At the general store, Fran is back behind the counter, still wearing her church finery. Jamie is helping, scowling at the mix of locals and media browsing among the aisles as he does so.
‘Hello, Mr Scarsden,’ says Fran. ‘I was wondering when you’d be back. You’ve been selling a lot of papers.’ Today there are no smiles, no suggestion of flirtation.
‘So I see,’ says Martin, regarding the vacant space where the papers usually sat in small piles. ‘You’re not happy about that?’
‘Happy to sell papers, not so happy with you implicating Byron in the deaths of those girls.’
‘Fran. Is there somewhere we can talk? In private?’
The storekeeper considers the throng of customers. ‘I guess so.’ She turns to her son. ‘Jamie, can you mind things for a moment while I talk to Mr Scarsden out the back?’
Jamie grunts his assent and Fran leads Martin past the customers and through a door at the back of the store. She turns on the lights; fluorescent tubes hanging in banks from the ceiling flicker to life, casting a hard-edged light. The room is nothing like Mandy’s home at the back of the Oasis; this is one big space, windowless and full of shelving, much of it empty, with cardboard boxes containing various products here and there. There are spiderwebs on the higher shelves, but otherwise the storeroom is well kept. In one corner, to the left of the door, there’s a desk with a computer monitor that looks a decade out of date. Fran brushes at the seat behind the desk with her hand, protective of her church clothes, and sits. Martin takes the seat on the other side of the desk.

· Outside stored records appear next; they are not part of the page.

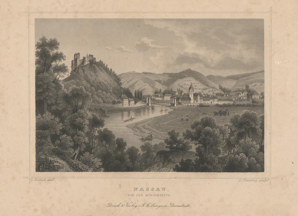 Total von Osten auf Nassau mit Lahnbrücke und Burg
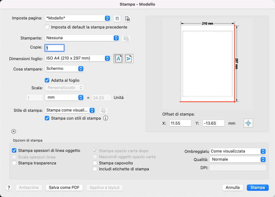 Per praticità, è possibile salvare e ripristinare gruppi di queste impostazioni in base al nome. Questi gruppi sono detti impostazioni di pagina. Mediante le impostazioni di pagina è possibile memorizzare le impostazioni necessarie per diverse stampanti, per la stampa in scala di grigi, per la creazione di un file PDF da un disegno e così via.
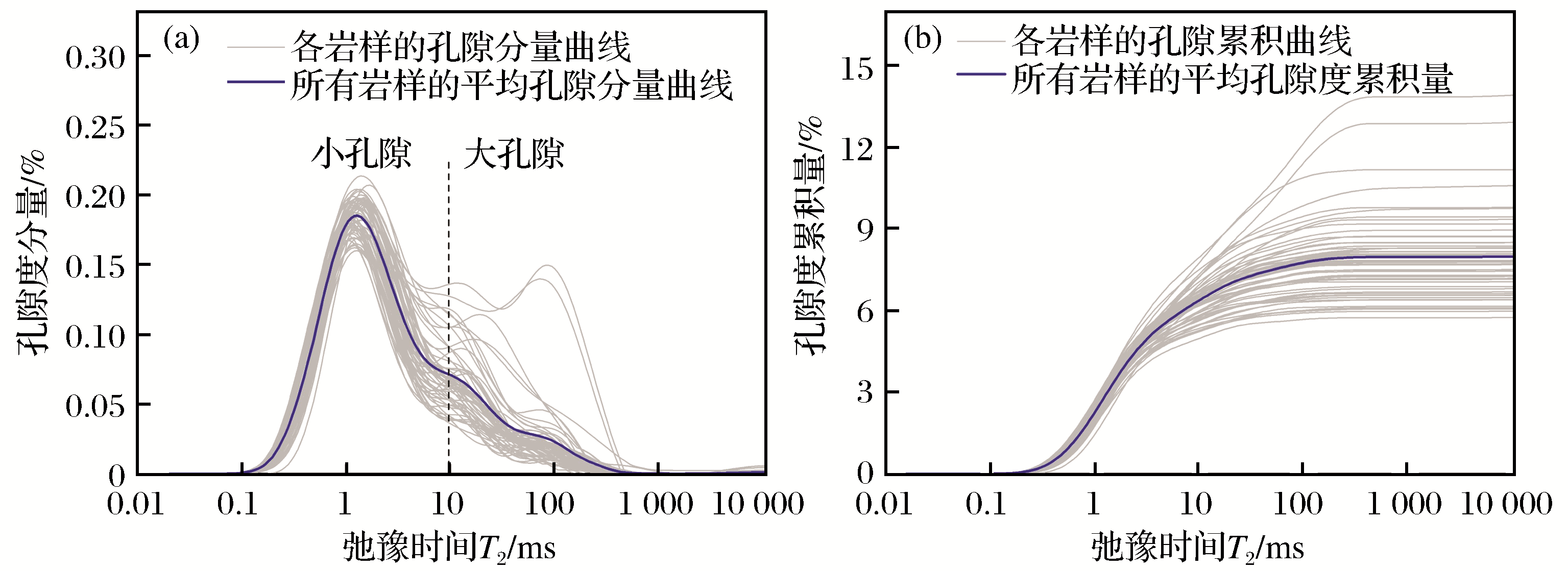 | 图4 所有试样核磁共振图谱 (a)试样T2谱分布曲线; (b)试样孔隙度的累积曲线 |

He doesn’t bother with niceties, but picks up the conversation where they’d paused it at the counter. ‘You don’t think Byron was involved in the death of the girls in the dam?’
‘No. Do you have any proof? Do the police?’
‘Not yet. But they’re investigating.’
Fran glowers at him. He decides there’s little to be gained in arguing the toss: neither of them can know for sure whether Swift was involved and he risks angering her unnecessarily. He spreads his hands, a conciliatory gesture.
‘Fran, I need your help. I’ve been thinking over the day of the shooting. There are things that bother me, now that I know about you and Byron.’
‘I see.’
‘He wasn’t a regular churchgoer, your husband, was he?’
The question seems to drain the indignation from her. Instead her voice is subdued, her eyes not meeting his as she answers. ‘No.’
‘Did he know about you and Byron?’
Fran remains still, eyes fixed on the blank computer monitor. Finally, a nod of affirmation.
‘Did you warn Byron that Craig was going to the church?’
Another nod.
‘What did you fear Craig was going to do?’
She turns to Martin, eyes pleading.
‘Tell me, Fran.’
A small sob escapes her, a fragile thing, fleeting. ‘I overheard them. Out by our garage. Craig and his friends. The ones Byron shot. They said they were going to kill him. In horrible ways. I knew they meant it.’
‘What did they say?’
‘Craig said he was going to ram his shotgun up his arse and give him both barrels.’
‘Why, Fran? Why kill him? Why then?’
‘I don’t know. I just heard them saying that’s what they were going to do.’
Martin leans back, considers what she’s telling him and finds himself not believing her. But why would she mislead him? He decides to be direct. ‘I’ve been told, by a reliable source, that on the Friday night before the shooting the police warned Craig that Swift was molesting children. Are you saying Craig didn’t mention that to you?’
‘I’ve already told you: it wasn’t true, I didn’t believe it.’
‘But Craig told you?’
‘Yes, I knew.’
‘So you warned him? Warned Byron?’
‘Yes. I ran to the church. I told him that Craig and the others were coming to kill him. I begged him to leave. He said that he was already going; the bishop had ordered it. He said he wasn’t worried about Craig and his friends, that he could handle them. He asked me to wait for him out by Blackfellas Lagoon. We’d gone there together sometimes.’